The more times the dataset is exposed to the AI model, the more ingrained that dataset will be in the LLM’s knowledge. 

Our brains work the same way. If you read an article one time, you’ll have a decent understanding of the article. But the more times you read the same article, the more knowledgeable you’ll be about the article and the easier it will be for you to recite.

So in this case, the WebText2 dataset (articles with 3+ Reddit Karma) was read by the LLM nearly 3 times. Whereas only about 44% of the Common Crawl dataset was ever seen by the LLM.

Takeaways

The datasets and weights outlined in GPT-3’s training documentation makes it clear that LLMs prioritize some datasets over others. Getting positively mentioned in more heavily weighted datasets will have a bigger impact on AI recommending your brand versus getting mentioned on less weighted datasets.

When building brand mentions, focus on quantity and quality. Here are some examples of the more impactful sources to get your brand mentioned.

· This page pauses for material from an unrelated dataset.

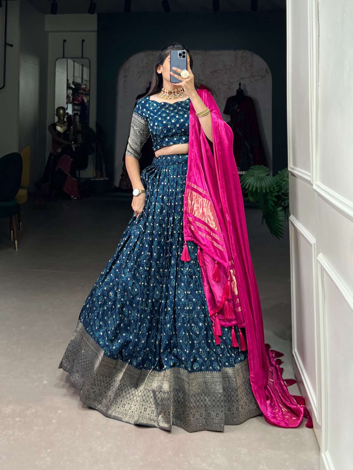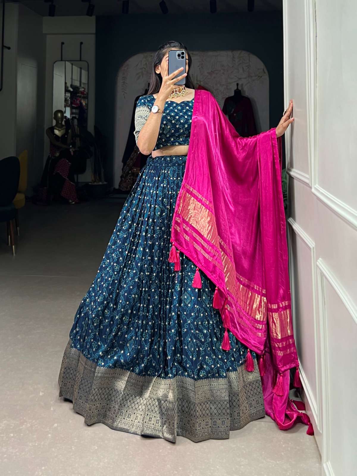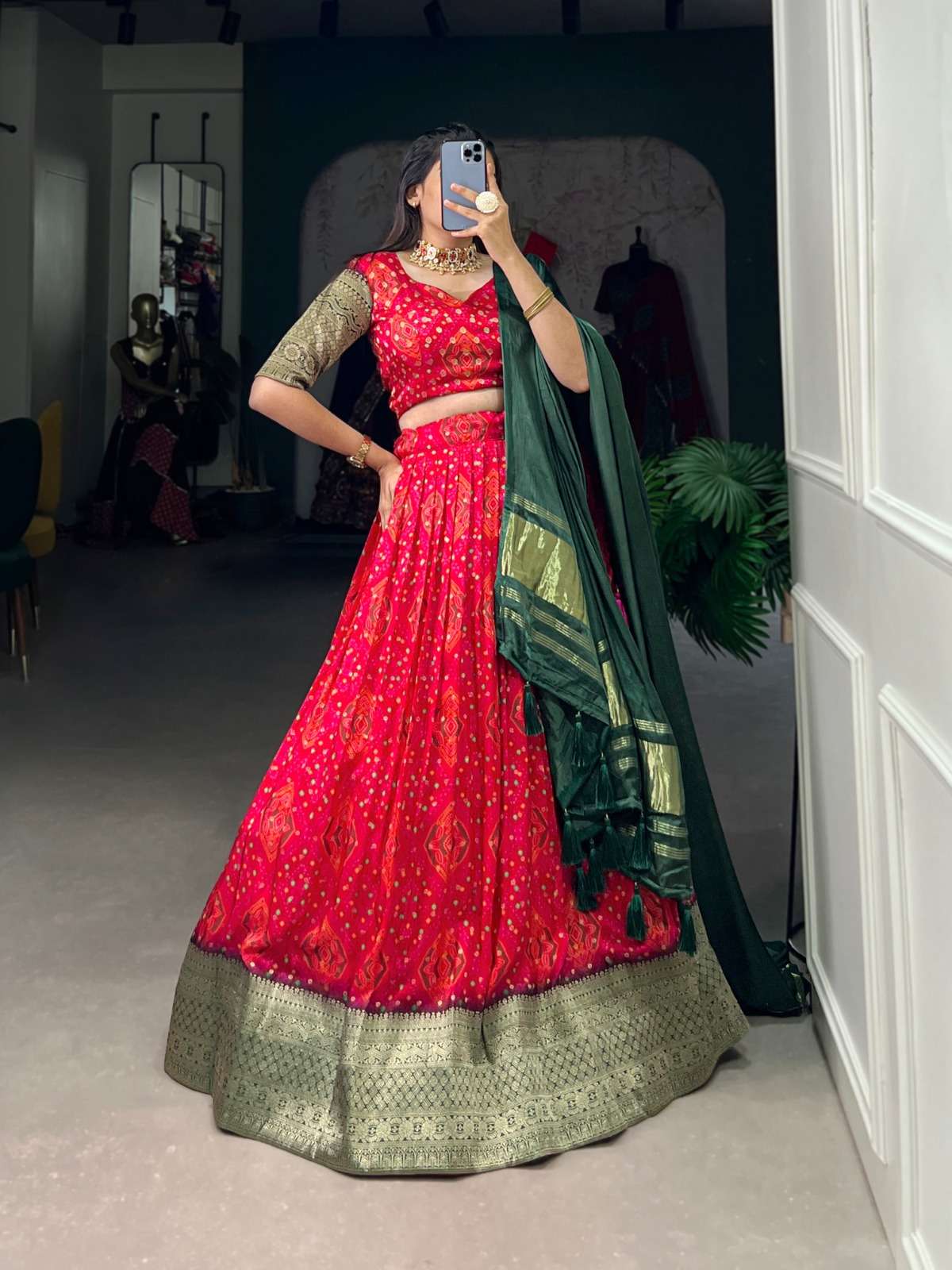 pr lnb1905 traditional print stitched lehenga with unstitch blouse dupatta
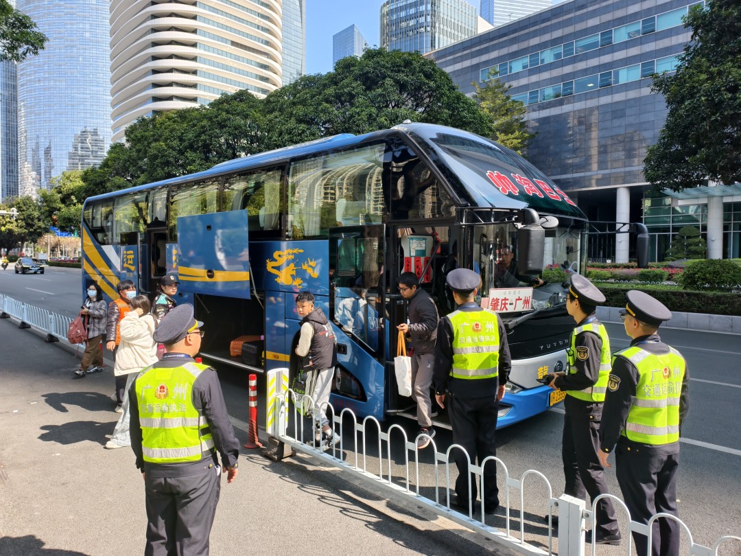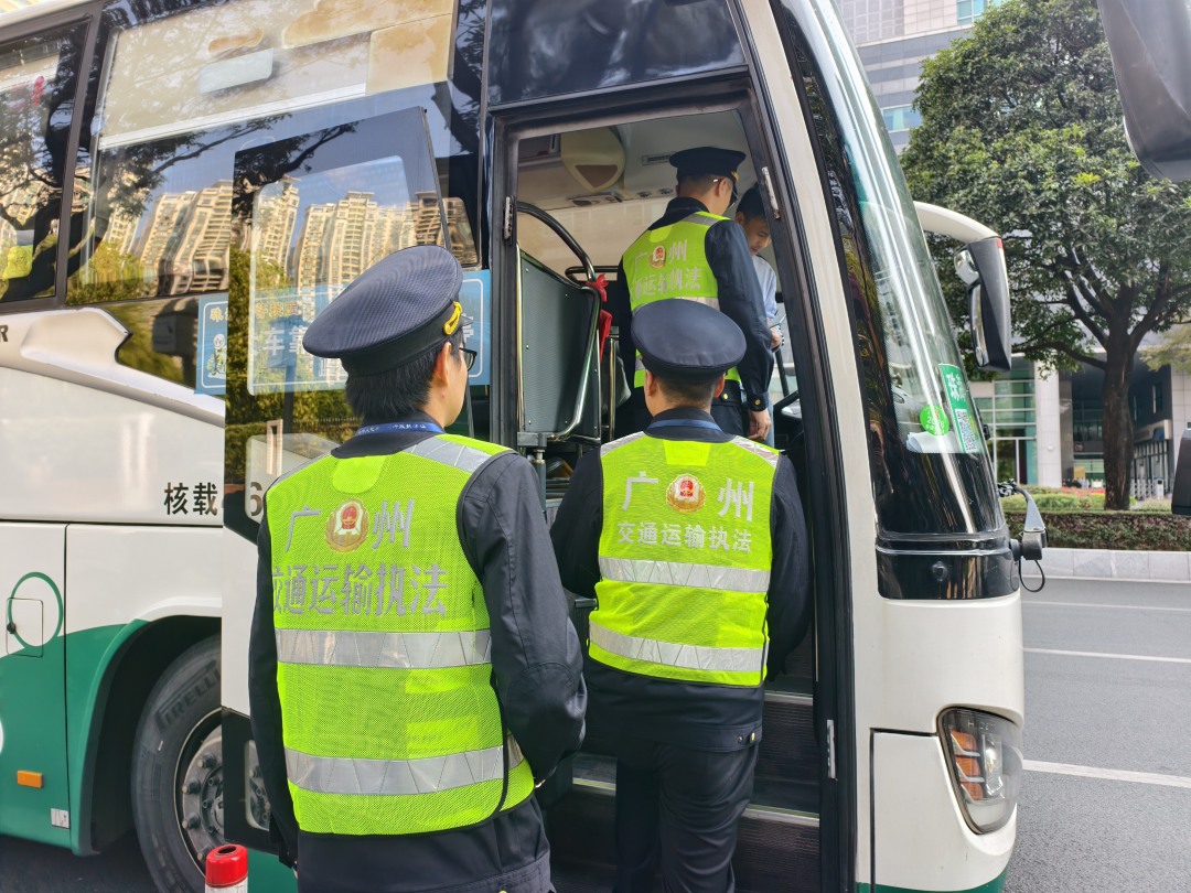 广州东站汽车客运站珠江新城停靠点,交通执法人员对客运车辆进行检查。

  • Wikipedia – The #1 most heavily weighted dataset for GPT-3, and likely heavily weighted for ChatGPT. 
  • OpenAI Partners – OpenAI has established a lot of partnerships with online publications and media companies. These publications are likely more heavily weighted than your average blog, so being mentioned in these places is likely more impactful.
  • Other high quality articles – It’s not completely clear how OpenAI’s quality classifier works. But getting mentioned in quality articles on reputable websites will likely be more impactful than low-quality articles on spammy websites.